New York's subway system is famous for its spiderweb of lines that seem to reach into every corner of the city. The reality, however, is that the web is a loose and sloppy one with big gaps, particularly in sprawling boros like Brooklyn and Queens. Sites (stores, cafés, bars, museums, whatever) that are close to the lines get lots of attention. But most destinations fall in the vast space in between and remain lost opportunity, like flies that got away.
For me, those otherwise lost destinations include swimming pools. During two precious months in the summer I swim outside at the Red Hook Recreation Center, which has what must be the biggest pool in NYC, in my guesstimation 100 yards long and 40 yards wide (the width being confirmed fact). There are two daily lap swims, from 7:00 to 8:30 a.m. and p.m., in addition to open swimming during the day. In the morning, when the air is still relatively cool and a breeze sways the trees surrounding the pool I almost feel like I'm on vacation someplace relaxed.
Red Hook Pool
The pool really is that nice, but it's in an otherwise industrial neighborhood, Red Hook, that's served by a skimpy few bus lines and no subway. It would probably take 40 minutes to walk to the pool, but it's less than 10 minutes away by bike (at last night's evening swim EVERYONE appeared to have ridden in, telling from the number bikes locked to the fence outside)

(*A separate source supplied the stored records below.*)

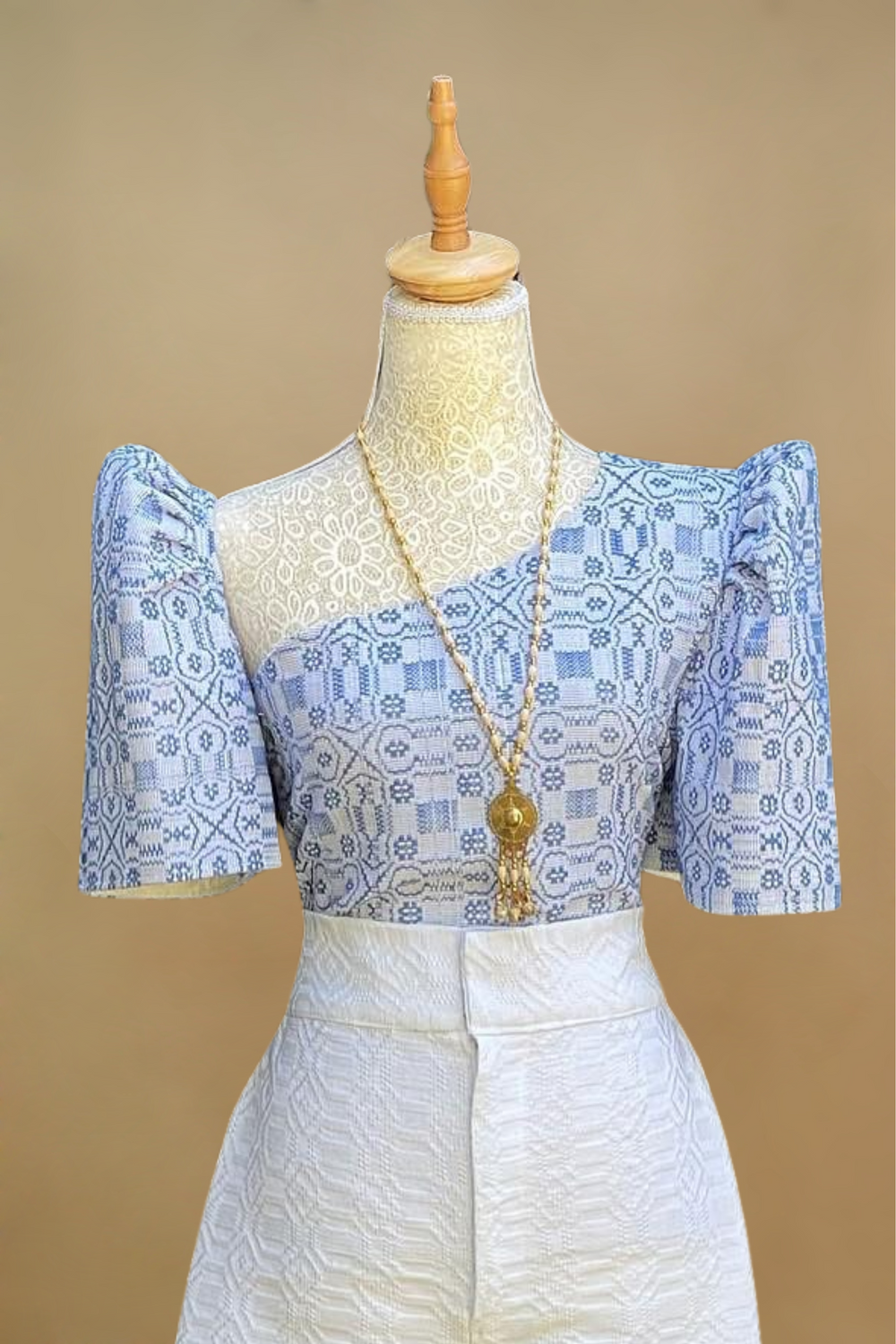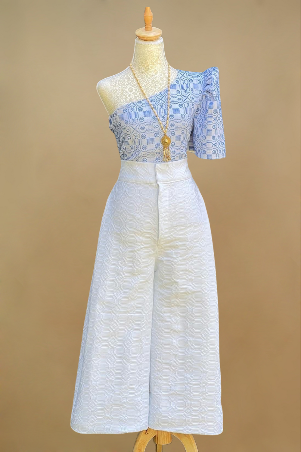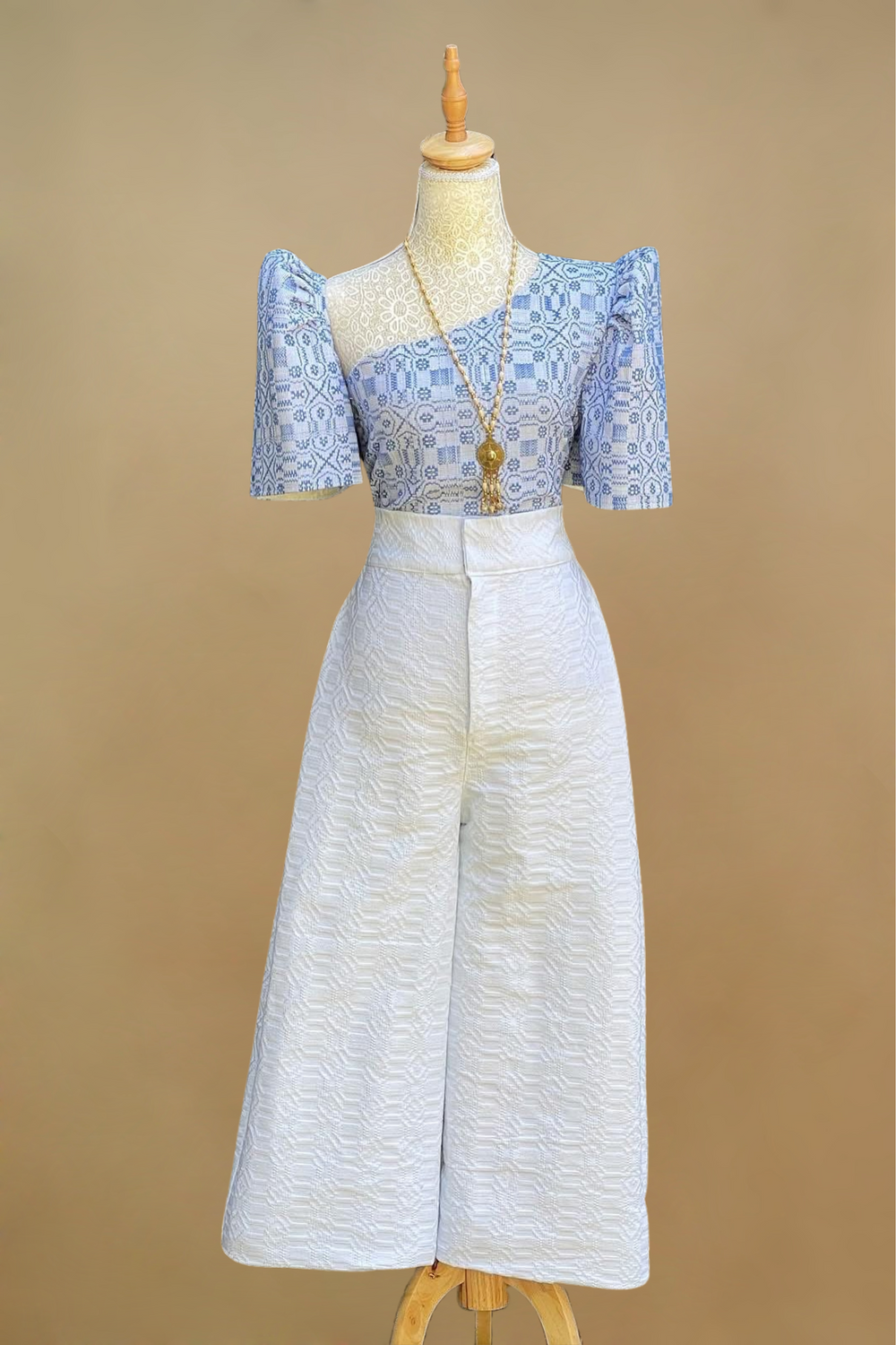 This modern Filipiniana Set features a woven geometric top and structured wide-leg pants made from textured woven fabric. Highlighting a versatile off-shoulder or classic butterfly sleeve design, it’s perfect for cultural events, weddings, and formal occasions. A stylish fusion of heritage and contemporary fashion designed for elegant empowerment.
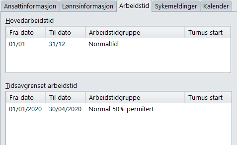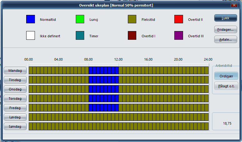 Delvis permiterte må legges inn med ny arbeidstid. Eksempelet under viser 50% permitert av en vanlig 37,5 timers uke:
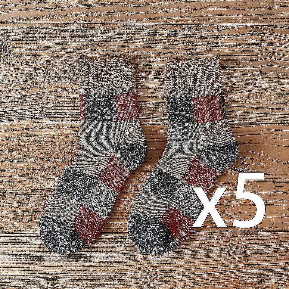 5 Pairs Men‘s Thick Plaid Wool Winter Socks, Harajuku Retro Snowproof Casual, US 6.5-12

(BTW– Red Hook also has what may be Brooklyn's best supermarket, Fairway, which is on the waterfront overlooking New York Harbor. It's a great place to grab lunch and sit on a bench to watch ships pass by.)
Old streetcar in front of Red Hook Fairway supermarket
Photo courtesy of bayridgephantom
The pool I frequent the rest of the year is at the St. John's Recreation Center in Crown Heights. Without convenient subway service the options for getting to St. Johns are limited to car (where to park?), taxi ($15 each way for a 45 minute swim?) and of course bicycle.
My route includes a ride along the new Prospect Park West bike path to grand Army Plaza. From there I proceed on a dicey one-half mile ride along Eastern Parkway before picking up its protected, tree-lined bike path, which runs through one of New York's famed Hassidic neighborhoods.
Eastern Parkway bike path in winter
Photo courtesy of unchienandalusia
After a couple of miles I take a left at Troy Avenue and ride a few blocks to Prospect. The rec center is on the corner. Note that a year membership costs $75 and gets you into all the city's rec centers, all of which have gyms, some of which have indoor pools. The Red Hook pool is free in the summer, but you have to show the guards your swimsuit and a lock to get in.
Without my bike, all these places would be out of reach. Enough said.